Is there a connection between marijuana use and alcohol consumption? This is what a recent study published in Addiction hopes to address as a researcher from the University of Michigan investigated daily of near-daily (DND) use patterns of alcohol and cannabis for young adults into adulthood. This study has the potential to help researchers, legislators, and the public better understand the risks associated with marijuana use, especially with legalization of marijuana spreading across the United States.

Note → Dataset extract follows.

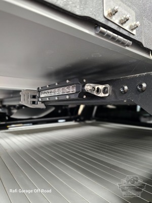 - Montaż dwóch lamp roboczych LED firmy Detoxled w tylnej części konstrukcji na pace. Wykonanie instalacji i podłączenie do panelu sterowania umieszczonego pod podsufitką

For the study, the researchers analyzed self-reported data obtained from the Monitoring the Future Panel Study to ascertain DND patterns for marijuana and alcohol use. The study included surveys from approximately 20,000 adults between 19 and 65 years of age in 2023, along with yearly data from 389,639 adults between 1988 and 2023. The criteria for DND included using marijuana of alcohol a minimum of 20 times over the past 30 days for ages 19 to 30 between 1988 and 2023, 35 to 50 years of age between 2008 and 2023, and 55 to 65 years of age in 2023.
In the end, the researchers found that DND marijuana use was almost triple the DND alcohol use among individuals between 19 and 30 years old, which was also observed with individuals between 35 and 50 years old, with a convergence but not a crossover for early midlife adults.
The study notes, “In the United States, daily or near-daily (DND) alcohol use remains more prevalent than DND cannabis use among late midlife adults, but the opposite is true for young adults.”
This study comes as marijuana legalization continues to take hold across the United States, with more than half of the states having either fully legalized or decriminalized marijuana entirely, and only four states (Idaho, Wyoming, Kansas, and South Carolina) still listing marijuana as fully illegal. Therefore, this study could provide better insights into the benefits and risks of marijuana use for individuals, for both the short and long term.
What new connections between marijuana use and alcohol consumption will researchers make in the coming years and decades? Only time will tell, and this is why we science!
As always, keep doing science & keep looking up!